Buddha was kinda enough to have his birthday during my first week of employment. This meant a day off! Woot.
I headed off with Hun Su (an adult Korean student and a good friend) and some English teacher friends to some temples to mark the event and get a little bit of culture while we were at it.
The temple grounds were gorgeous. Many lanterns
had been set up so Buddha could find his way to his own birthday bash.
The lanterns were traditionally lit with candles. Nowadays they
are lit by little electric light bulbs. A sure sign of the way
Korea has lurched its way in the 21st century from being a flattened,
extremely poor country after the Korean war in 1953.
This was the first time I've ever felt as if I was truly in Asia. The sprawl I live in
could be any one of a number of sprawls in the world. But these Buddhist temples with their Buddhist monks praying inside felt like genuine Asia. Although technically Southeast Asia, the
Philippines feels more like a Polynesian nation than an Asian nation.

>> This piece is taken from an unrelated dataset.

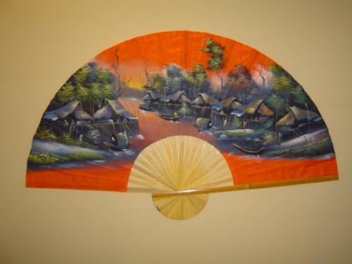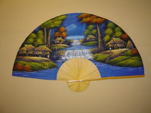 Two hand painted wall fans from Thailand, 60"W X 35"H, depicting traditional village scenes.
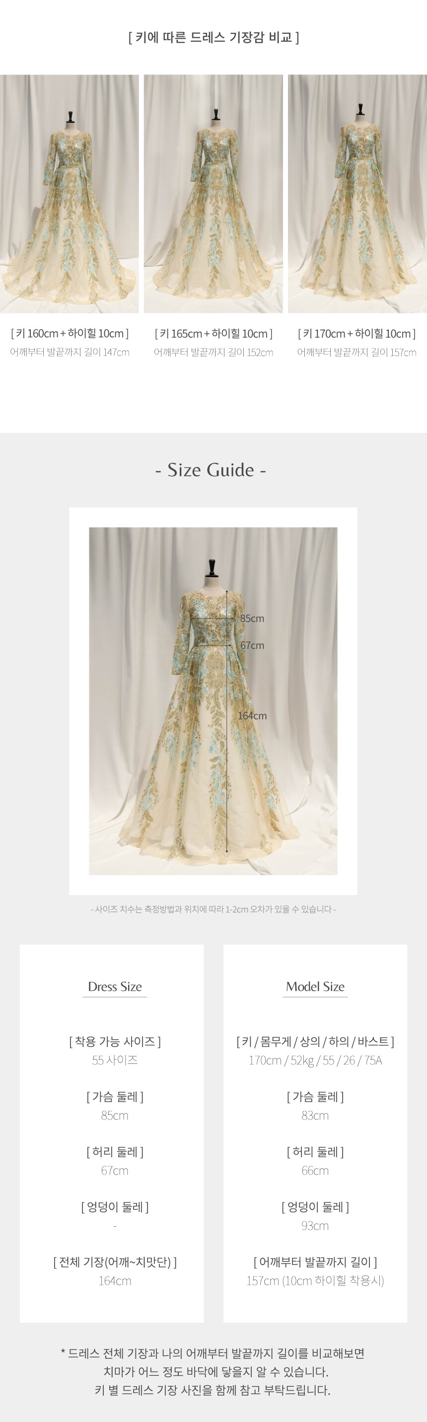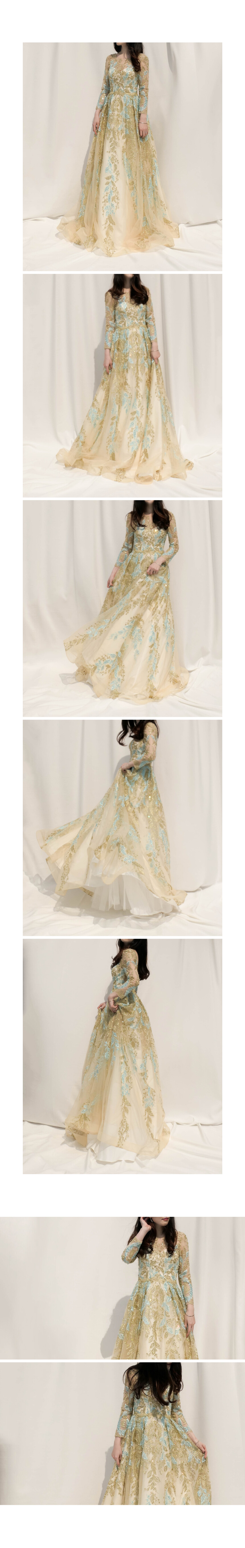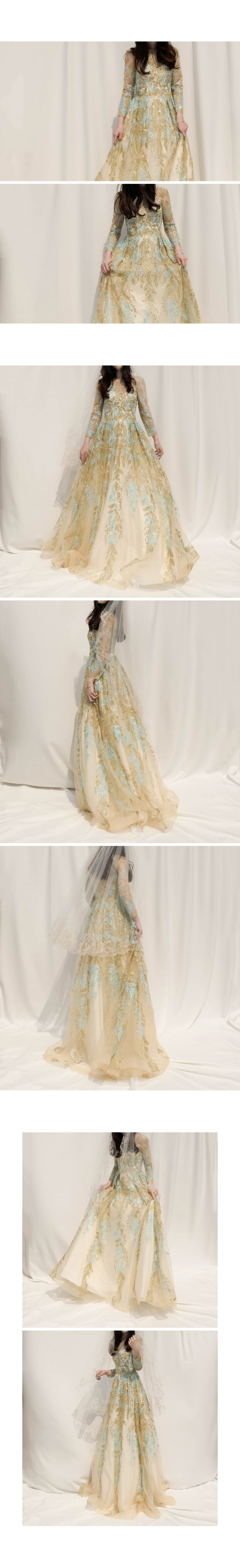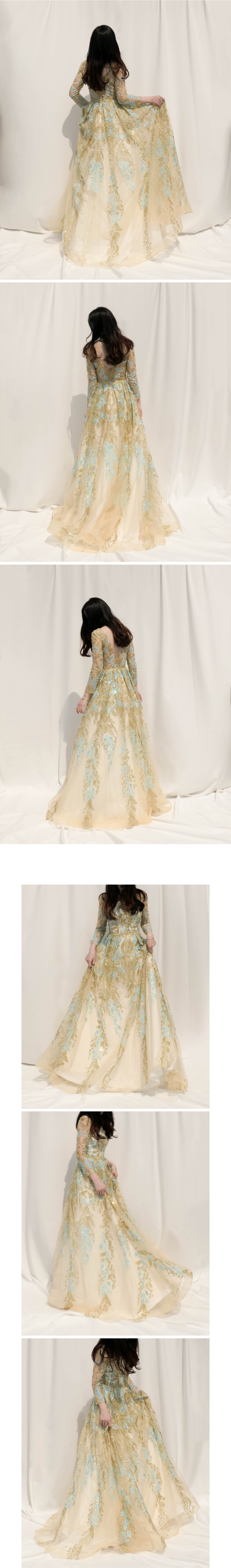 빈티지한 느낌의 골드, 블루컬러 꽃넝쿨 자수와 진주가 수놓아져 있는 유니크한 드레스 by Basix Black Label

A curly-haired Filipino would not look out of place in Fiji or
Samoa.
The had a big formal ceremony to mark the event.
Lots of official people in official suits giving official
speeches. I couldn't understand a word of them, but I'm sure they
were boring. Buddhist monks led
chanting type songs while young kids placed wreaths and so on before
various statues of Buddha. We only watched for a half-hour or so.
It was hard to follow what was happening and it all seemed quite
repetitive.
Buddhism Rant
Of all the major religions in the world, I have the
least amount of problems with Buddhism. Their idea of the "middle-way" makes a lot of sense.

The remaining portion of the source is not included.